El passado sábado celebrou-se uma missa solene na Basílica de Nossa Senhora do Rosário, pertencente aos Arautos do Evangelho, durante a qual o Cardeal Damasceno, Comissário Pontifício da instituição, conferiu os ministérios do leitorado e do acolitado a um total de 69 membros.
A celebração reveste uma especial relevância não só pelo elevado número de candidatos instituídos —fato pouco habitual no contexto atual— mas também pelo momento eclesial em que se produz, após vários anos marcados pelo comissariado e a paralisação de processos ordinários de governo interno.
Os ministérios do leitorado e do acolitado, que na disciplina atual da Igreja substituíram as antigas ordens menores, constituem um passo canonicamente necessário no itinerário de quem se preparam para o sacerdócio. Neste sentido, a cerimônia supõe um avanço objetivo nos processos formativos, especialmente significativo numa instituição cujas ordenações permaneceram suspensas durante um longo período.
Durante a homilia, o Cardeal Damasceno pronunciou palavras que não passaram despercebidas:
“Tenho esperança de que num futuro próximo poderemos conferir as ordens sacras aos que estão devidamente preparados”.
Estas declarações adquirem um peso particular se se tiver em conta que o purpurado apresentou recentemente a sua renúncia ao cargo de Comissário Pontifício. No entanto, à vista dos factos, dita renúncia não teria sido aceite pelo Santo Padre, pelo menos por enquanto, continuando assim o cardeal no exercício efetivo das suas funções.
O dado enquadra-se, além disso, noutro elemento relevante: no passado 4 de dezembro, poucos dias após se apresentar a renúncia, o Papa Leão XIV recebeu o Cardeal Damasceno em audiência privada, num encontro que, segundo diversas fontes, teria tido uma duração mais prolongada do que o habitual. Desde então, não se tornou pública nenhuma decisão formal sobre o relevo no comissariado.
A instituição de ministérios deste fim de semana, realizada precisamente por quem continua a atuar como Comissário, parece indicar que o processo não só não está detido, mas avança de maneira visível em alguns dos seus aspetos mais sensíveis.

Chaves interpretativas e um cenário razoavelmente otimista
À luz destes factos, resulta legítimo propor uma leitura mais serena e esperançada da situação atual.
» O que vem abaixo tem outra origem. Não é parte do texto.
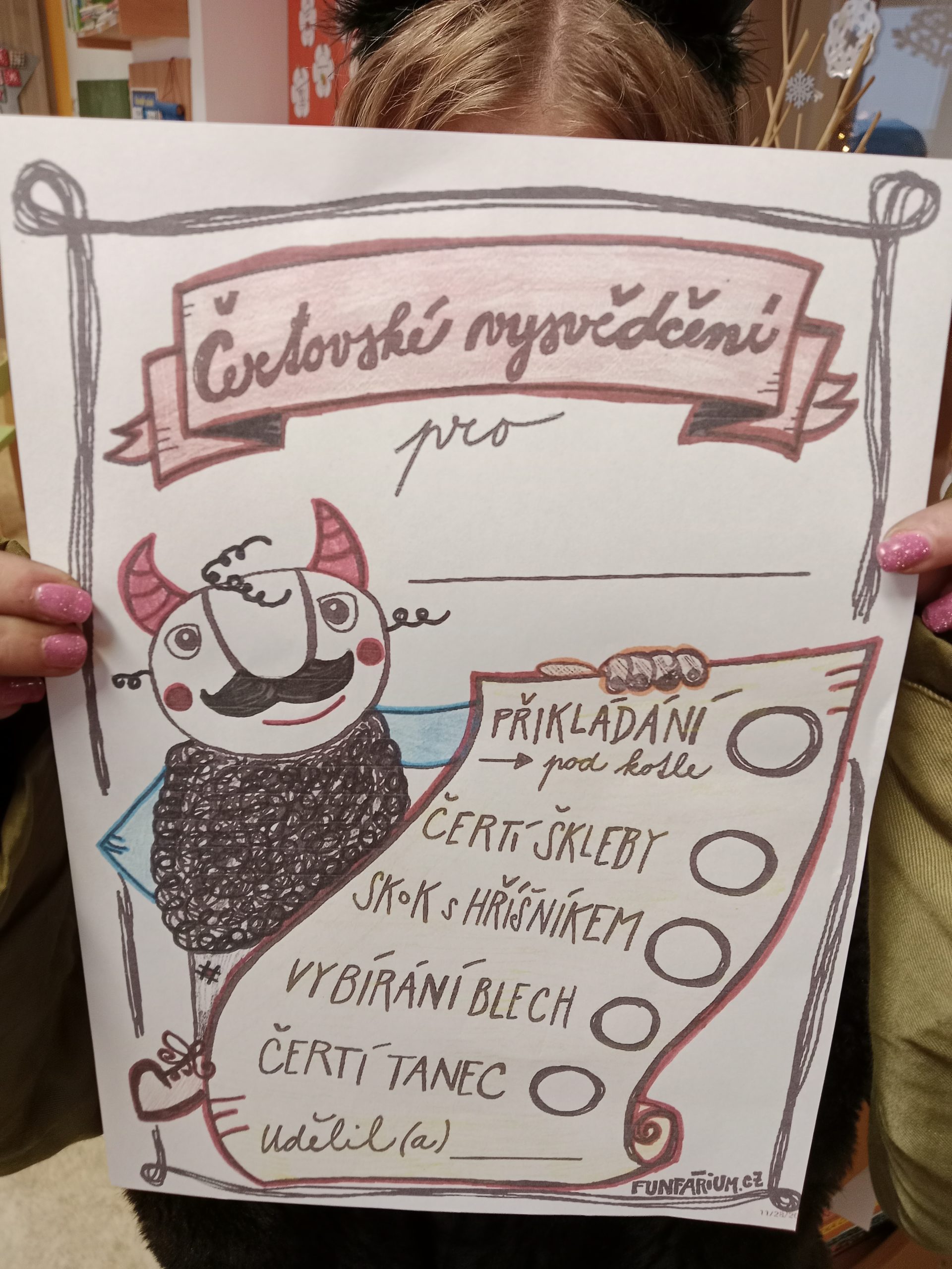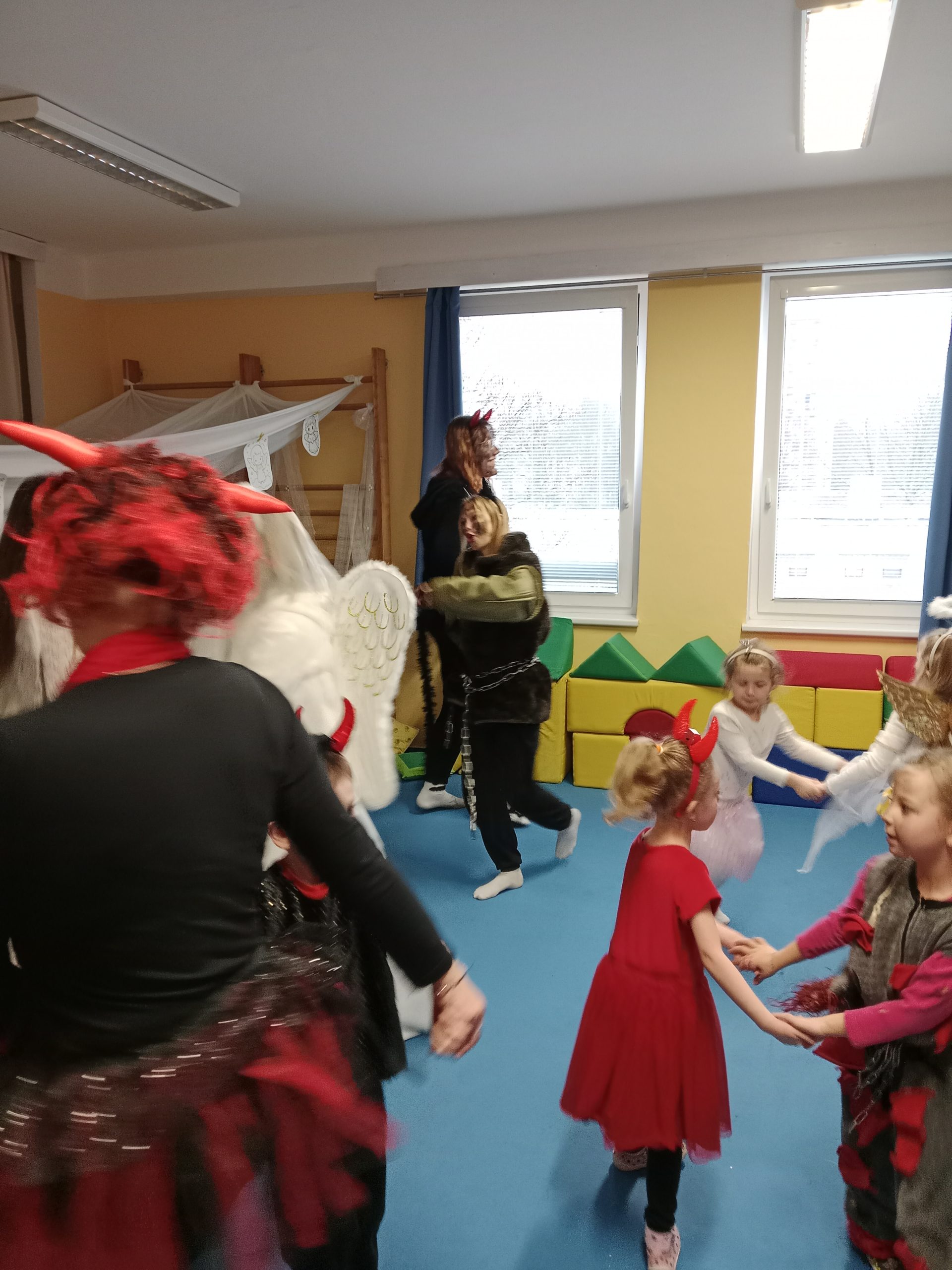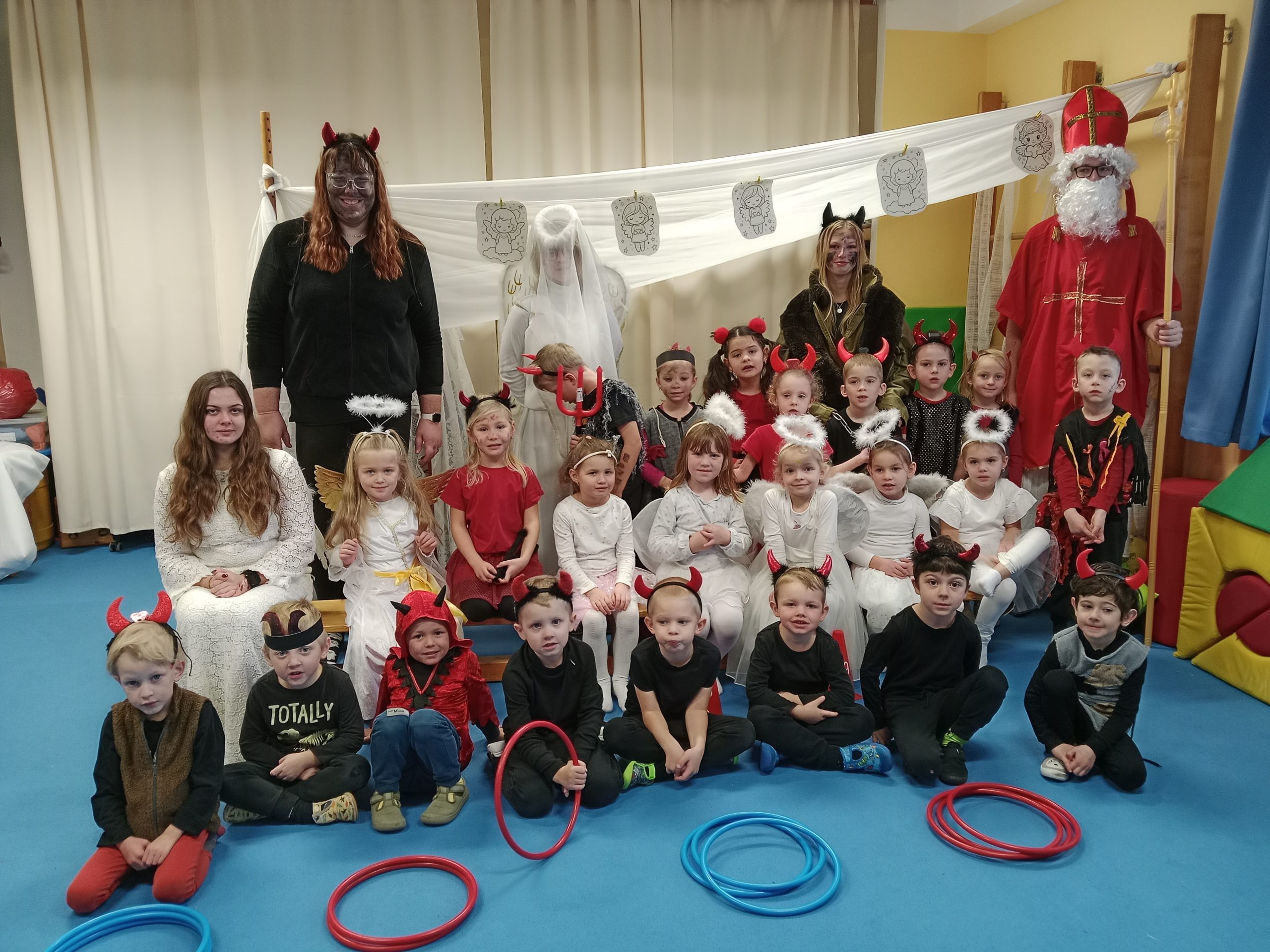 Studenti prvního až čtvrtého ročníku oboru Sociální činnost tvořili Mikuláše, čerty a anděly v pátek 5. prosince 2025 v Hořicích v Mateřské škole Pod Lipou.
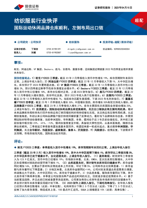 【国信证券】【20230415】纺织服装行业快评:国际运动休闲品牌去库顺利,左侧布局出口链-15页
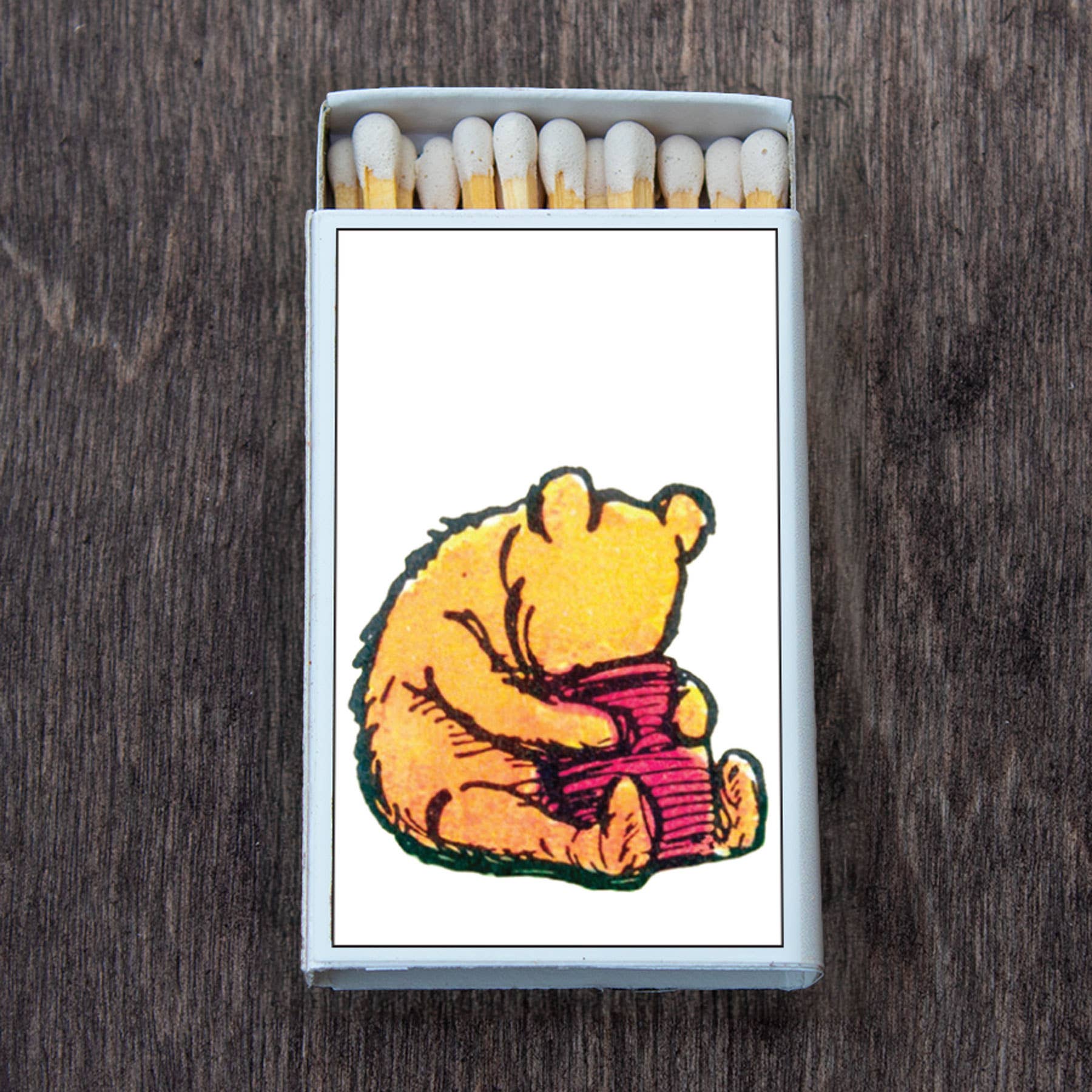 • Light your candles and incense with these stylish decorative matches • This unique box of matches features an illustration by E. H. Shepard from the original Winnie the Pooh books on both sides • Each box contains 20-23 matches and measures about 2.25”x1.5”x.5” •

Em primeiro lugar, a alusão à “esperança” de futuras ordenações, longe de indicar uma negativa ou um novo bloqueio, pode entender-se como uma expressão de prudência institucional. Tudo aponta para que o Papa Leão XIV estaria a optar por evitar decisões abruptas e favorecer uma conclusão do processo que respeite plenamente os canais canónicos e curiais.
Nesta linha, não se pode descartar que o Santo Padre tenha solicitado ao Cardeal Damasceno que transfira formalmente ao Dicastério para os Institutos de Vida Consagrada e as Sociedades de Vida Apostólica os conteúdos do que foi tratado na audiência, com o fim de obter o apoio necessário para fechar definitivamente a etapa do comissariado.
Esse fecho exigiria, conforme o direito comum e à própria configuração jurídica da instituição, a convocatória da Assembleia Geral da Associação de Fiéis e a celebração dos capítulos das duas sociedades de vida apostólica, clerical e feminina. Convir recordar que estes órgãos ficaram bloqueados em 2024 por decisões do então prefeito do Dicastério, o Cardeal Braz de Aviz, circunstância que conduziu a uma prolongação anómala do comissariado.
Se esta hipótese se confirmasse, o protagonismo voltaria a recair no Dicastério e na sua atual prefeita, a Irmã Simona Brambilla, reabrindo também o debate eclesiológico sobre o exercício do poder de regime; uma questão cada vez mais presente na discussão teológica e que poderia aflorar no consistório extraordinário convocado pelo Santo Padre.
Com tudo, o dado essencial permanece: os ministérios foram conferidos, os candidatos avançam na sua formação e o Comissário Pontifício atua com normalidade. Tudo isso permite interpretar os acontecimentos recentes como sinais concretos de uma progressiva normalização, após anos de excepcionalidade e desgaste institucional.
De se confirmar esta tendência, o pontificado de Leão XIV poderia encontrar aqui uma ocasião emblemática para marcar uma mudança de estilo, restabelecendo a estabilidade e fechando feridas abertas numa instituição que muitos consideram injustamente prejudicada. Um horizonte que explica, com fundamento, a esperança com a qual amplos setores do mundo católico olham já para o ano 2026.